12 Suicidal Teens (Juni Nin no Shinitai Kodomotachi)
Run Time 118 mins.
Opens Now Showing

If he has been murdered, they realize, one of them is responsible. Their nascent group unity begins to crumble. If they are to go to their deaths as one, they decide, they first have to unmask the killer in their midst.

With the stage set for a puzzle-plot murder mystery, I was wondering when and how more bodies would turn up. But the film undercuts this expectation, while keeping the whodunit tension high. The 12 soon discover clues everywhere, from a boy’s sneaker in the women’s restroom to two chairs shoved halfway into the elevators to keep the doors from closing.

As they try to figure out what they mean, the protagonists bond, clash and reveal the reasons why they seek death. The boisterous Kenichi (Yuto Fuchino) was bullied for being socially clueless. The “Goth Lolita” fashionista Mitsue (Kotone Furukawa) wants to follow a favorite musician into the great beyond. And, most sympathetically, the terminally ill Shinjiro (Mackenyu Arata) wants to die on his own terms.
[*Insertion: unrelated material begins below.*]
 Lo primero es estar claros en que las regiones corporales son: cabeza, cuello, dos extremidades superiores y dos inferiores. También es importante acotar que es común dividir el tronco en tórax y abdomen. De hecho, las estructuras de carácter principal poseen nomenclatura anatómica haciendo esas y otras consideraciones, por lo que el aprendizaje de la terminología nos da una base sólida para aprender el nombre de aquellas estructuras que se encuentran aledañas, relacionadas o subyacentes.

Some of the suicidal are harder to figure out. Clad entirely in black, Anri (Hana Sugisaki) is whip-smart and tough-minded. After the apocalypse, she would emerge a survivor. Instead she wants to end it all. And there is Nobuo (Takumi Kitamura), a good-looking guy who describes himself as popular. What is his problem?
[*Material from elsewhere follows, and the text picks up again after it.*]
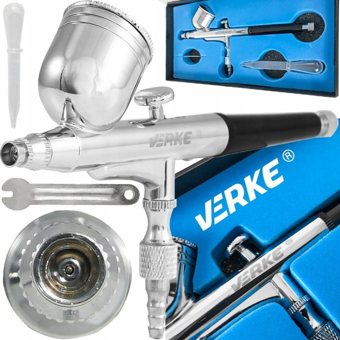 A Verke Airbrush egy miniatűr precíziós festőpisztoly. A festék permetezéssel levegő segítségével hordható fel. A festékrétegek egyenletesen fedik egymást, így kiváló eredmény érhető el használatával. Festhet szabadon, ha közvetlenül a bevonandó felületre felhordja a festéket, vagy megfelelő sablonokkal. Az Airbrush pisztoy sík felületek, valamint bonyolult alakú tárgyak festésére szolgál. Ez lehetővé teszi a pontos részletek kidolgozását is. Kis tárgyak retusálásához, állapot megőrzéséhez, modellezéséhez, kézműves dekorációjához, valamint művészeti technikához használják. Előnyei: nagyon nagy pontosság a festék felhordásában, professzionális kialakítás, kiváló minőségű rozsdamentes acélból készült fúvóka, amely biztosítja a pisztoly hosszú élettartamát.

The stories of the 12 come out, as they must, but the film does not delve sentimentally into their pasts. There are no hokey flashbacks, no overwrought tears.

There are, however, distinctive, focused performances from the 12 principals, especially Sugisaki. All but unrecognizable from her previous roles, including her breakout as a schoolgirl who befriends a troubled artist in 2015’s “Pieta in the Toilet,” Sugisaki is the film’s strongest presence: dark, intense and, in anger, incandescent.

Tsutsumi has made many visually fluent, eminently forgettable films over the years, but shows a more serious and thoughtful side in this one, while keeping the proceedings up to his usual fast pace. Despite its unfortunate English title, “12 Suicidal Teens” is a film that might well speak to teens like the ones in the film — and save lives.